Vidal announced in June of 2022 that she would sua sponte review the Institution Decisions in both  OpenSky Industries, LLC v. VLSI Technology LLC, IPR2021-01064 and Patent Quality Assurance, LLC v. VLSI Technology LLCIPR2021-01229 because they “[raise] novel issues of law and policy, as well as issues of particular importance to the Office and the patent community.” She then requested amicus briefing in the cases in July.

Both PQA and OpenSky were incorporated after Intel was found to have infringed VLSI’s patents in district court and have no discernable business operations beyond challenging VLSI’s patent claims. The two entities’ petitions were also nearly identical to inter partes review (IPR) petitions previously filed by Intel that had been rejected by the USPTO. Intel has now been joined as a party to both Director Review proceedings.

Vidal in December ruled that OpenSky’s IPR, with Intel in the role of lead petitioner after OpenSky was sanctioned in October, was “compelling and meritorious.” However, Vidal also in December fully dismissed OpenSky from the case “to ensure that OpenSky does not benefit from its abuse of the IPR process.”


PQA’s mandamus petition attempts to distinguish PQA from OpenSky explaining that, while OpenSky clearly engaged in a number of sanctionable activities, “PQA did none of those things.” Instead, PQA took all the standard steps required of an IPR petitioner without any kind of payment from VLSI or Intel, the petition says.

Far from engaging in sanctionable conduct, PQA claims it was actually extorted by VLSI:

“Shortly before the Board instituted PQA’s ’373 IPR, VLSI requested settlement discussions, entered into an NDA with PQA, agreed to maintain settlement discussions in confidence, then breached the NDA by publicly disclosing those discussions in a public filing6 and arguing PQA tried to extort VLSI…. Rather than commend PQA for bringing a compelling merits petition, the Director faults PQA for, inter alia, a confidential counteroffer made during settlement discussions with VLSI. But again—those negotiations were at VLSI’s request—and the Board, like the courts, encourages settlement. Regardless, PQA responded by publicly stipulating it would not accept money from VLSI.” (citations omitted)
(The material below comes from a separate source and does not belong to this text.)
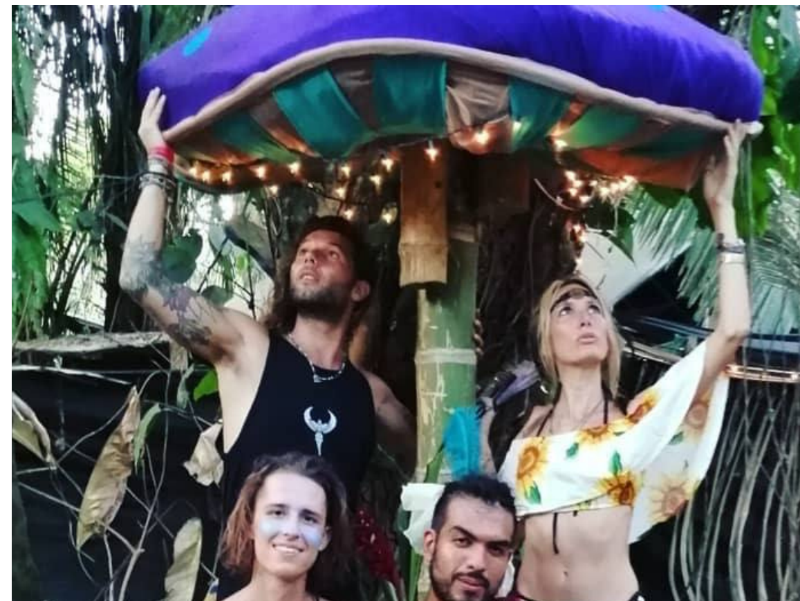
Fairy Forest, création de champignons et de bancs champignons - Envision 2019

The petition calls VLSI’s behavior “shenanigans” and says it is seeking mandamus because PQA “has endured unlawful order after unlawful order after unlawful order.” For example, PQA claims Vidal did not follow regulations by failing to give PQA a chance to explain why sanctions should not be imposed prior to imposing sanctions. Although Vidal essentially admitted this, says PQA, she did not withdraw the sanctions. “Instead, giving mere lip service to the regulations, the Director informed PQA—still a dismissed party—that it ‘may submit’ a ten-page paper in response to the 60-page Sanctions Order, due in seven days.

Ultimately, the petition presents the following four issues for the CAFC to consider:

“1. Did the Director act unlawfully and/or deprive Petitioner of its due process rights by making adverse inferences against PQA and dismissing PQA as a sanction without following the agency’s own in-force regulations (37 C.F.R.§§ 42.11(d)(1) & (3)) that require PQA be given notice and an opportunity to respond before sanctions are imposed?

2. Did the Director act unlawfully and/or deprive PQA of its due process rights by sua sponte issuing a Mandated Discovery order absent any authorizing statute or regulation and then sanctioning PQA for non-compliance with that ultra vires order?

3. Did the Director act unlawfully and/or violate PQA’s due process rights by sanctioning PQA for an “abuse of process” based on an after-the-fact standard created by the Director because “existing regulations do not attempt to specify what acts constitute an abuse of process”?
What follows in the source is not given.